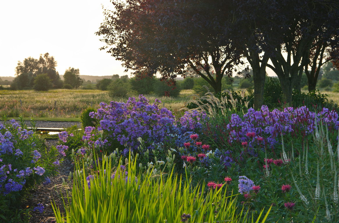 - Blutpflaume, Pennisetum, Phlox paniculata, Prunus cerasifera 'Nigra', Veronicastrum virginicum 'Album', Präriegarten
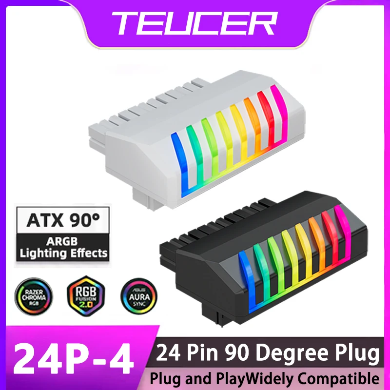 TEUCER ARGB Hub 24P4 adaptador de enchufe de alimentación ATX 24 pines a 90 grados Cable de alimentación de la placa base accesorio de montaje Modular DIY
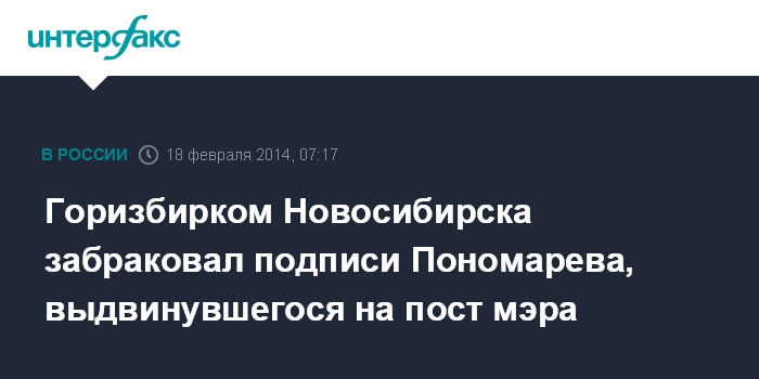 Горизбирком Новосибирска забраковал подписи Пономарева, выдвинувшегося на пост мэра
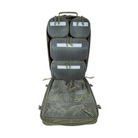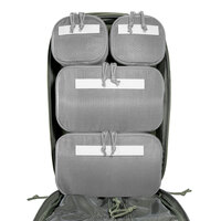 Přední komora obsahuje čtyři odnímatelné kapsy na zip s průhledným víkem, které jsou uchycené na suchém zipu. Ve víku najdete ploché organizéry pro dokumenty a drobnosti. Zadní komora nabízí velkoplošný velcro panel a dvě řady MOLLE vazby pro individuální uspořádání výstroje podle aktuální potřeby.
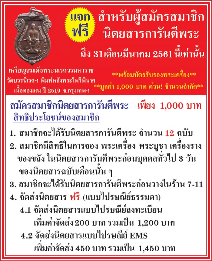 ** สำหรับผู้สมัครหรือต่ออายุสมาชิกนิตยสารการันตีพระ ในระหว่างวันนี้ ถึง 31 มีนาคม 2561 นี้เท่านั้น **
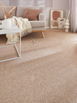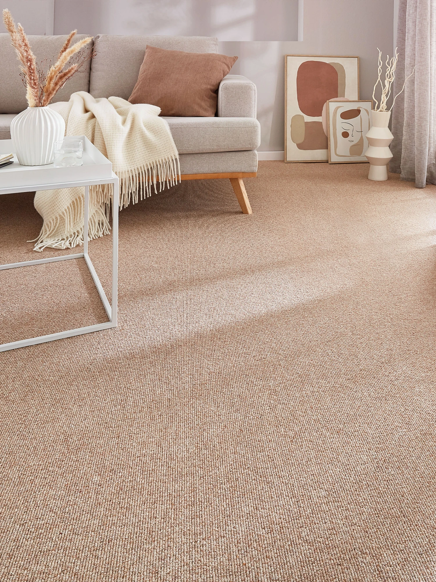 Klassischer, naturfarbener schwerer Woll-Teppichboden mit dezenter Zeichnung. Gesamtgewicht ca. 1670 g pro m². Höhe ca. 7 mm. Flor 100 %

------------------------------------

__Work instructions__. A word-for-word copy of the lines from the one with "TEUCER ARGB Hub" through the last line of the data above is required, with both end lines included and no pictures.

__The completed task__.
 TEUCER ARGB Hub 24P4 adaptador de enchufe de alimentación ATX 24 pines a 90 grados Cable de alimentación de la placa base accesorio de montaje Modular DIY
 Горизбирком Новосибирска забраковал подписи Пономарева, выдвинувшегося на пост мэра
 Přední komora obsahuje čtyři odnímatelné kapsy na zip s průhledným víkem, které jsou uchycené na suchém zipu. Ve víku najdete ploché organizéry pro dokumenty a drobnosti. Zadní komora nabízí velkoplošný velcro panel a dvě řady MOLLE vazby pro individuální uspořádání výstroje podle aktuální potřeby.
 ** สำหรับผู้สมัครหรือต่ออายุสมาชิกนิตยสารการันตีพระ ในระหว่างวันนี้ ถึง 31 มีนาคม 2561 นี้เท่านั้น **
 Klassischer, naturfarbener schwerer Woll-Teppichboden mit dezenter Zeichnung. Gesamtgewicht ca. 1670 g pro m². Höhe ca. 7 mm. Flor 100 %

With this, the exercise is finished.